As one or more embodiments, in S104, integrating the single-level knowledge graph to obtain a multi-level knowledge graph; the method comprises the following specific steps:

and integrating the single-level knowledge graph by means of entity alignment to obtain a multi-level knowledge graph. Such as: for the separation styrene chemical process, there is a triplet 1< reactor pressure value, influence, compressor power value > at the production process data level, a triplet 2< reactor pressure value, influence, reactor level value > at the process flow level, a triplet 3< reactor at the equipment parameter level, influence, reactor pressure value > and the entity "reactor pressure value" is present in all three triples, then the three independent triples are linked by the entity reactor pressure. The specific illustration is shown in fig. 1, where two nodes connected by a dashed line are the same entity although at different levels, as is the reactor pressure value, although at three levels. The knowledge maps of each level are integrated into a multi-level knowledge map by establishing connection with the same entity in the triplet. The specific schematic diagram is shown in fig. 1.
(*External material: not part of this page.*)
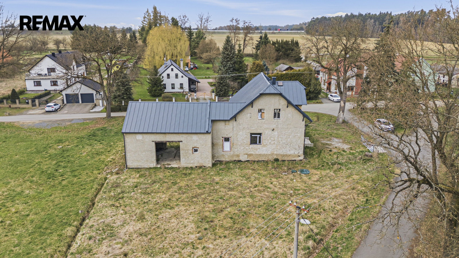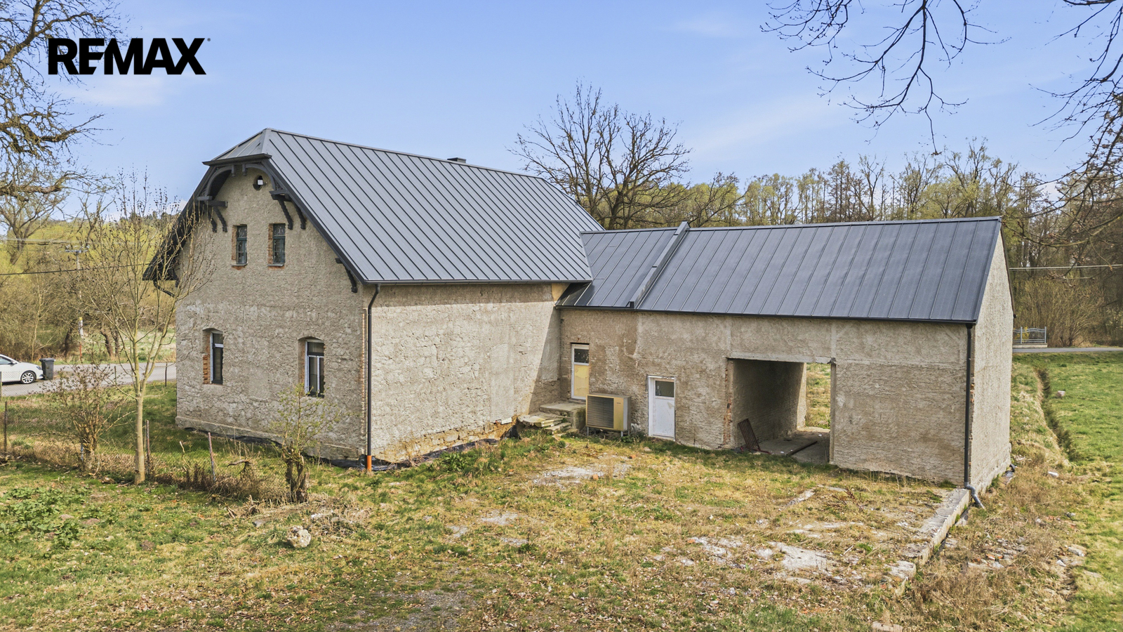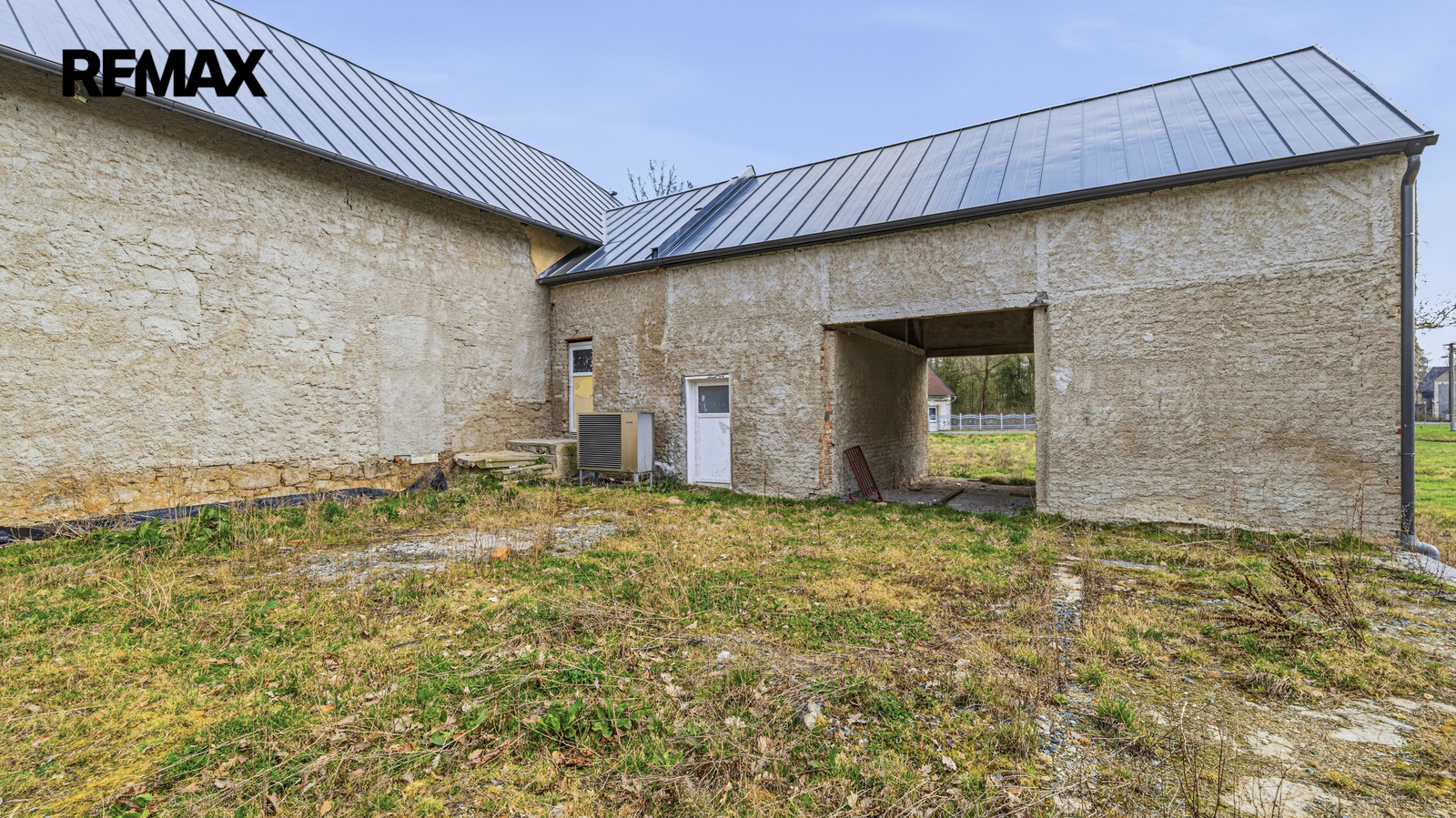 Na obytnou část navazuje prostorná stodola vhodná pro garáž, dílnu nebo rozšíření obytného prostoru.

As one or more embodiments, in S105, a completion operation is performed on the multi-level knowledge graph; the method comprises the following specific steps: knowledge-graph completion is performed by the projE model taking into account semantic information.

Scoring function of the projE model taking into account semantic information:

where h (e, r) represents a scoring function and i represents the i-th entity in the set of entities to be scored. h (e, r) _i Representing the score of the i-th entity in the set of entities to be scored. W represents an sxk matrix formed by the entities to be scored, s represents the number of the entities to be scored, b _p Representing the bias vector.Representing the similarity of the two entities themselves, +.>Vector representing the ith entity of the entity to be scored, e representing the original triplet<h,r,？>Entity h in (a). />The larger the inner product of the two terms, the smaller the distance between the two terms, meaning that the two vectors are semantically smaller, that is, the more similar the two entities are. />Representing the similarity of semantic information of two entity neighbor nodes.

It will be appreciated that the projE model, parameter scale is n only _e k+n _r k+5k, the calculation speed and the prediction capability are better, but the ProjE model has own defects. In fact, knowledge-graph can be applied so widely not only because of the ability to express content shapesThe information of diverse formulas also because it contains rich semantic information. The projE model also focuses attention on the relationship of candidate entities to eXso r, without exploiting the rich semantic information in the knowledge-graph. The advantage of the multi-level knowledge graph is rich semantic information, so that the ProjE model considering the semantic information is provided, and the rich semantic information is integrated into the ProjE model, so that the link prediction task can be well completed.

The task of the ProjE model considering semantic information is to predict the triplet < h, r,? Is the missing entity? The possible entities form a set-the entity set to be scored. And calculating a scoring function of each entity to be scored, wherein the entity with the highest score is the correct entity.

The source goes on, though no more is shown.